Here’s an example of a how a tweak to a person’s thinking can have amazing results. I’ve been working with a client recently who wanted to have greater presence in senior client meetings and give more authoritative and polished presentations.

In everyday meetings he was fine. He was relaxed and performed with confidence. However when in meetings with senior clients there was a significant change. He’d become anxious, less confident and tended to withdraw from conversation fearing that he would make mistakes and look foolish if he put himself forward.

With presentations, although he gave them frequently, he found that his performance would diminish if faced with senior clients. Feeling incredibly uncomfortable he would rush through his presentation knowing full well that he was not doing himself justice.

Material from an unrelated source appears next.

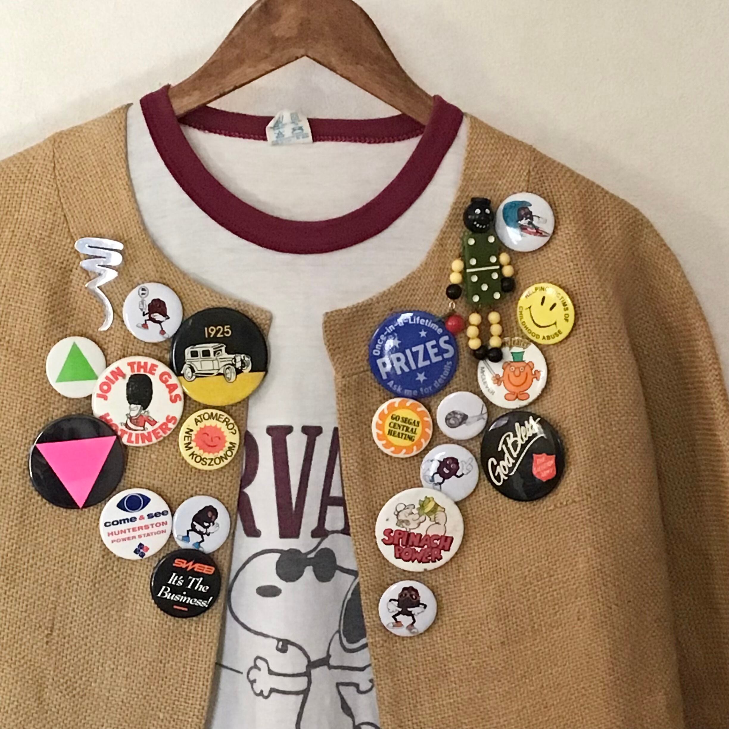 とってもアメリカンな缶バッジ、ブルーとシルバーの色合わせも良いです♡スウェットやジャケット、バッグなどお好みの場所につけてお楽しみください◎

It’s widely understood that it’s the beliefs that we hold and thoughts that we have that give rise to our emotions and lead on to how we act and behave. So the approach we decided to take was to find out what was going on in his mind during those moments. It took a while but eventually we discovered that he held an underlying belief of “I need to be right all the time so that I prove myself”. We analysed the belief for a while in terms of how it was serving and not serving him and it dawned on him that the negatives, of holding such a belief, seriously out weighed the positives that it gave him. Enthusiastically, we discussed what a more helpful belief might look like. There was almost an audible “thunk” as he said “I need to be right most of the time so that I prove myself”. His eyes were shining. He had realised that he had been operating with an unrealistic expectation of himself  and when the pressure to perform, in senior client meetings arose, he was being kept hostage by his own mind. Instinctively, he could now see how his new mindset of being ‘right most of the time so that I prove myself’ was more realistic and would free him up to perform as he wanted to.

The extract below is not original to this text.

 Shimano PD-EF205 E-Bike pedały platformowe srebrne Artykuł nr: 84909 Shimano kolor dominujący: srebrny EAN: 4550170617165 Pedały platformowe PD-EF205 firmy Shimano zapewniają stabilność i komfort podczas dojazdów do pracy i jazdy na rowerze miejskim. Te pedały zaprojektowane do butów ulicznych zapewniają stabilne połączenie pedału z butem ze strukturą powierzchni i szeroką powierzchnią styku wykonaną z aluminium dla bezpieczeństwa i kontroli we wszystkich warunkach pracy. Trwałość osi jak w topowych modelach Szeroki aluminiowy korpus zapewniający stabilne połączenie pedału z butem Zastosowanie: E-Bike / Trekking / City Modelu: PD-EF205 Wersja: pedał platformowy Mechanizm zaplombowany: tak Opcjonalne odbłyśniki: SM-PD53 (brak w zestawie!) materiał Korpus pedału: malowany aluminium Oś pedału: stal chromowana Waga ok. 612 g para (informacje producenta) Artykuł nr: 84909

And it was the same old thinking that had been causing him to rush through his presentation in the hope that he couldn’t be challenged and would therefore be, in his own mind, ‘right’ –  a self-fulfilling prophecy. His new mindset of being ‘right most of the time’ releases the pressure on himself. He could now view his presentations as ‘the start of a conversation’ rather than him preaching (very quickly). He felt much more relaxed about taking questions. In fact part of his strategy going forward, to support him in slowing down, was to actively invite questions.

Some weeks later when we met up again, he reported that he now feels significantly more confident and authoritative as presenter and his confidence and presence in ‘big’ meetings is remarkably better.

It still amazes me that such a seemingly small alteration to the way we think can have a such a profoundly positive affect on the way we feel, act and perform.